* [What you need to do]: Please repeat the entire listing verbatim and keep the pictures out.

* [Data segment]:

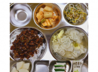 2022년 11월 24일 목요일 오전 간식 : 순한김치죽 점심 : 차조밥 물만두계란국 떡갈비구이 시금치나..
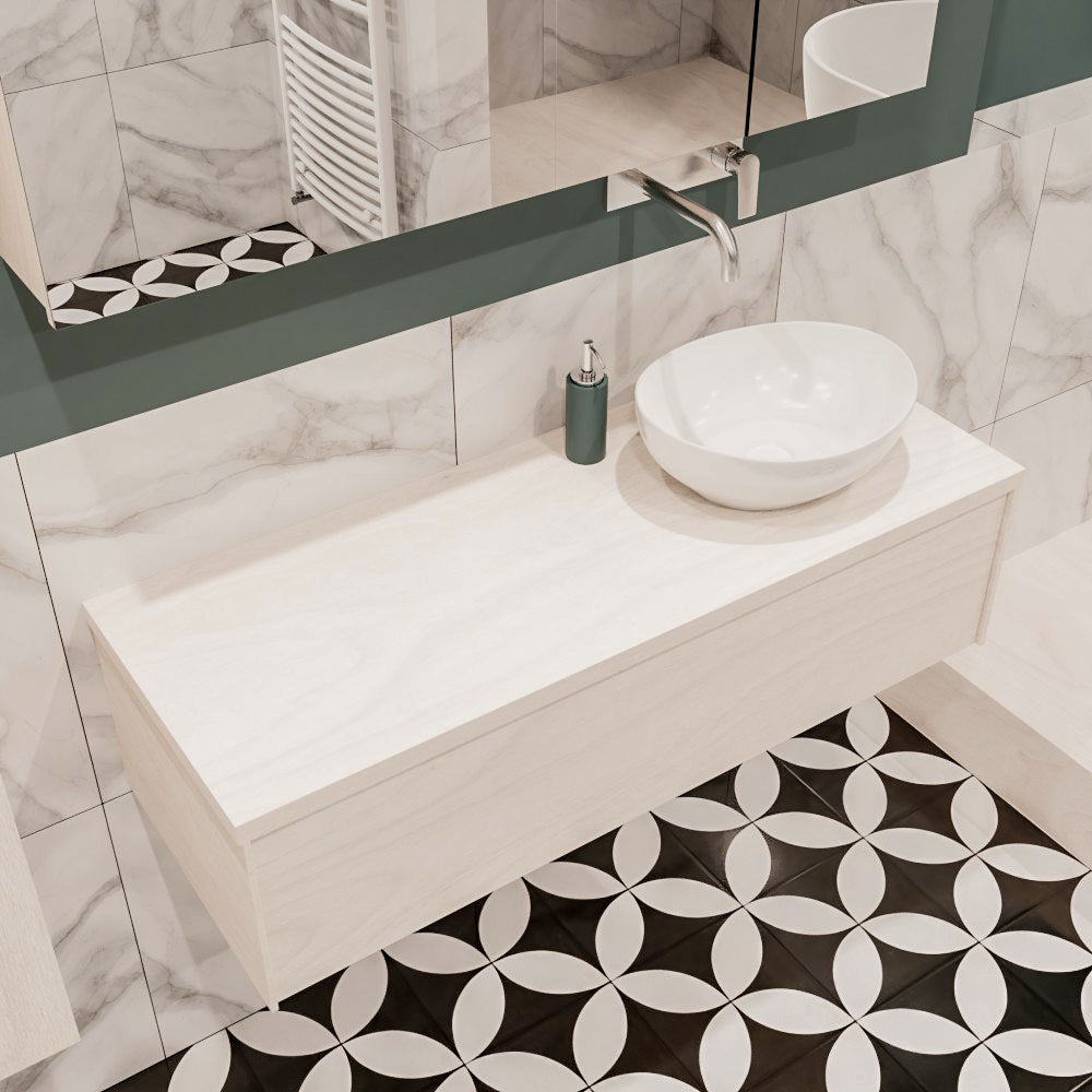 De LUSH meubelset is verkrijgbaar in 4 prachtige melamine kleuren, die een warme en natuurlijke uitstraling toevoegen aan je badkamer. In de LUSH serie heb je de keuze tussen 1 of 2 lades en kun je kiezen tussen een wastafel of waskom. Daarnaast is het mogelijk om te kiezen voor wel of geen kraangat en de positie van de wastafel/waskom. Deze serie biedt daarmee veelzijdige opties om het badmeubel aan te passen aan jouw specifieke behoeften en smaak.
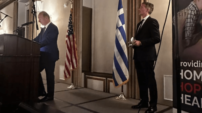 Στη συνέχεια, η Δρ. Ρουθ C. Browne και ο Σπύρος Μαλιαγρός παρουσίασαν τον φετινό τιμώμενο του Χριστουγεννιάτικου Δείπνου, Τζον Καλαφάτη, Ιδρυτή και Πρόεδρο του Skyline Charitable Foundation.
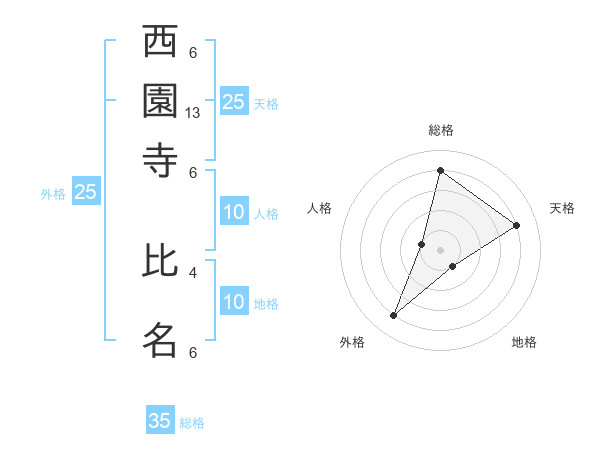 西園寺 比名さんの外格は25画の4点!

* [Written response]:
 2022년 11월 24일 목요일 오전 간식 : 순한김치죽 점심 : 차조밥 물만두계란국 떡갈비구이 시금치나..
 De LUSH meubelset is verkrijgbaar in 4 prachtige melamine kleuren, die een warme en natuurlijke uitstraling toevoegen aan je badkamer. In de LUSH serie heb je de keuze tussen 1 of 2 lades en kun je kiezen tussen een wastafel of waskom. Daarnaast is het mogelijk om te kiezen voor wel of geen kraangat en de positie van de wastafel/waskom. Deze serie biedt daarmee veelzijdige opties om het badmeubel aan te passen aan jouw specifieke behoeften en smaak.
 Στη συνέχεια, η Δρ. Ρουθ C. Browne και ο Σπύρος Μαλιαγρός παρουσίασαν τον φετινό τιμώμενο του Χριστουγεννιάτικου Δείπνου, Τζον Καλαφάτη, Ιδρυτή και Πρόεδρο του Skyline Charitable Foundation.
 西園寺 比名さんの外格は25画の4点!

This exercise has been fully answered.